Defeated

By Jaime Solis (@jaimexsolis)
••••••
Is it really worth it?

Before any type of telecommunication existed, runners were assigned to various groups of the military during a war. Runners were not soldiers armed with heavy artillery; they packed light. Their primary objective was to carry very important messages from platoon to platoon. This meant them leaving the safety of shelters and risk having bullets flying overhead. This also meant enemy snipers aiming and shooting at them, in order to make sure the enemy runner never successfully delivered a message.

All this for a message that was not their own, but of a Commander, giving orders to carry it across the battlefield. They put their lives on the line… for a message.

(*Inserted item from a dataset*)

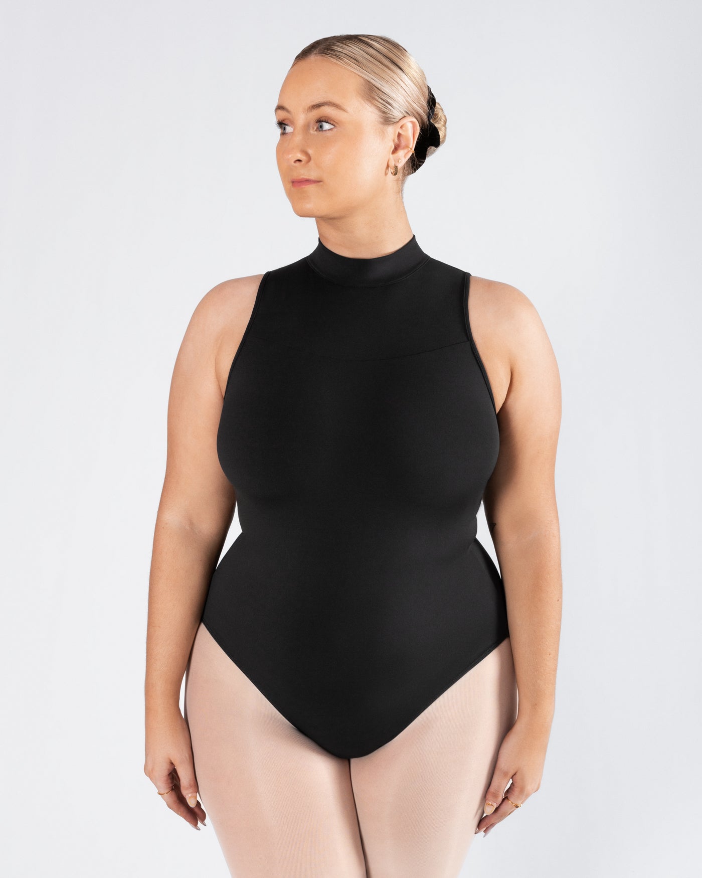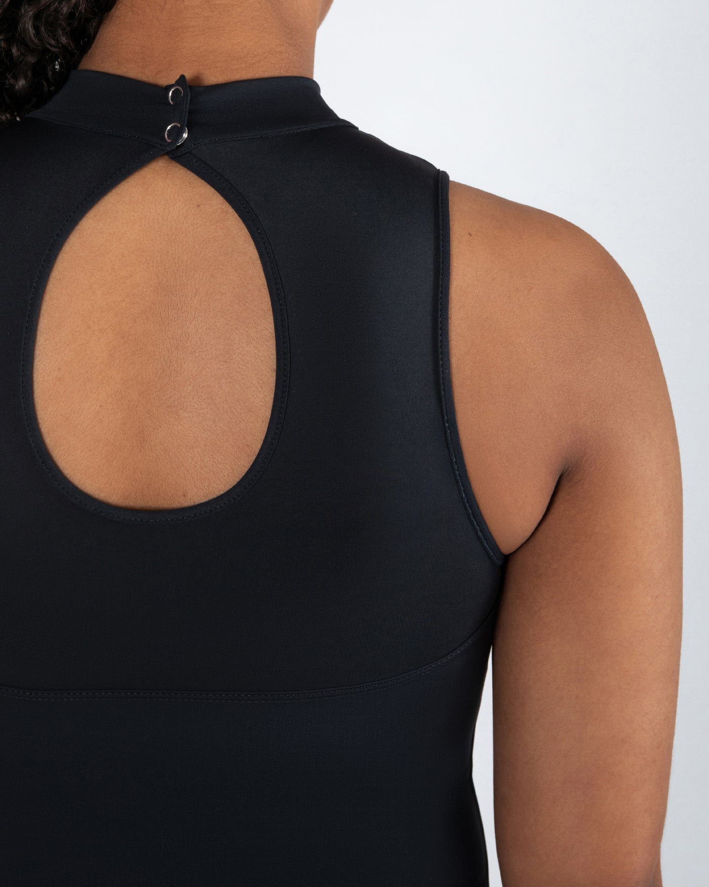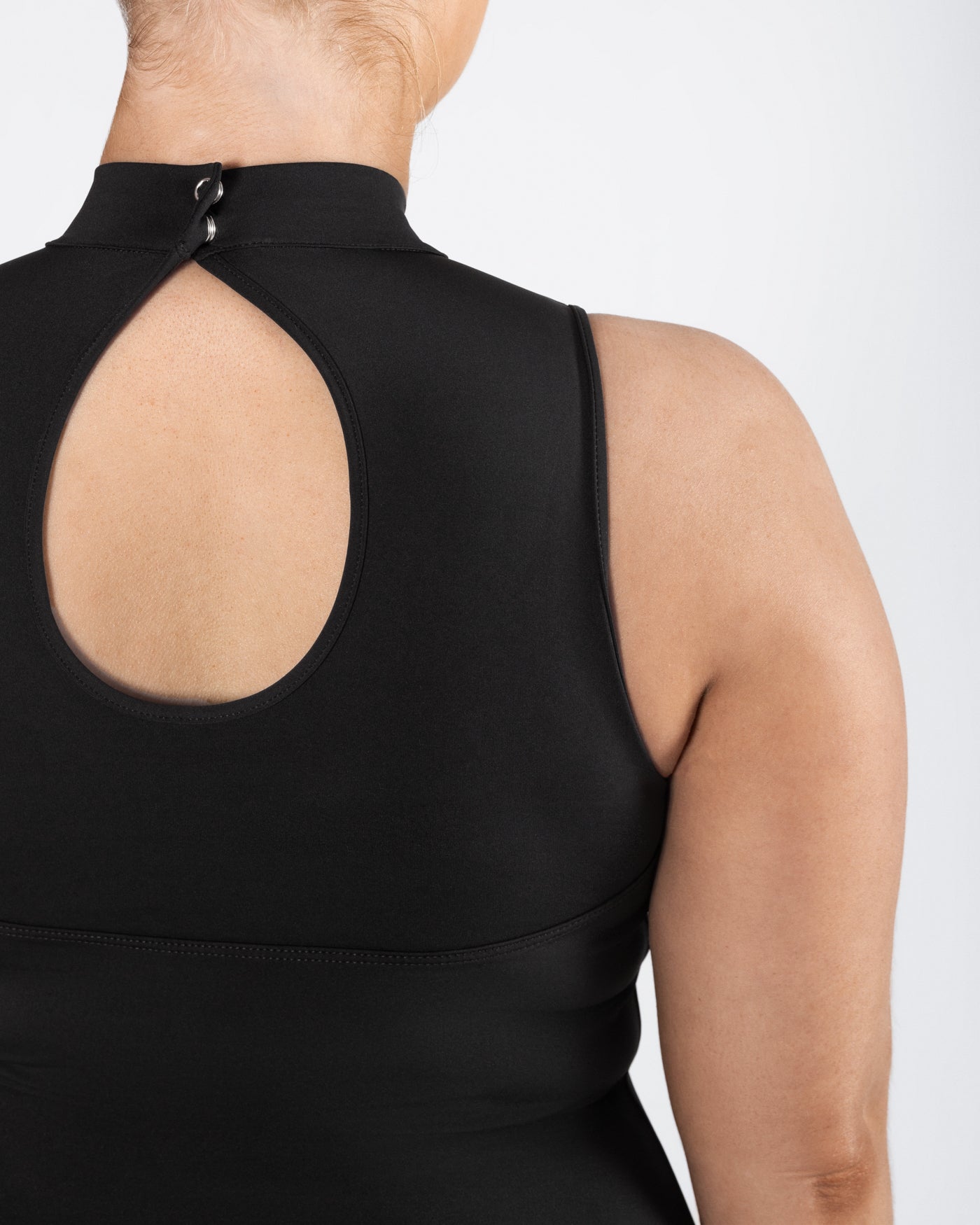 - Features a high neck for uninterrupted line

Paul, also spent the latter days of his life carrying a message that was not his own. The message belonged to God, his Commander, with the message being that Jesus died for the sins of the world so that all may go to heaven! Because he carried this message and spread it out, he lived in a constant life of turmoil. He was afflicted, he was perplexed, he was persecuted, and he was struck down – was it really worth it? It seems defeating.

I ask you, in your perplexities, in your persecution, in you being struck down – is saying, “I am a follower of Jesus”, worth it? I think one of our greatest fears is that we lived our lives being faithful to living a life for Jesus, only for it to feel wasted, since feelings of defeat come around more than those of victory.

Paul though, reveals to us the other side of the hardship, that although he’s experienced affliction, he was not crushed, though he was perplexed, he was not driven to despair, though he was persecuted, he was not forsaken, and though he was struck down, he was not destroyed.

So, defeated heart, as a runner for the Gospel of Jesus yourself, trust Paul as he revealed the other side of the discouraging days, a truth that he found by being faithful. It IS worth it despite the feelings of defeat, because we’ll find that God has been present to hold us up all along.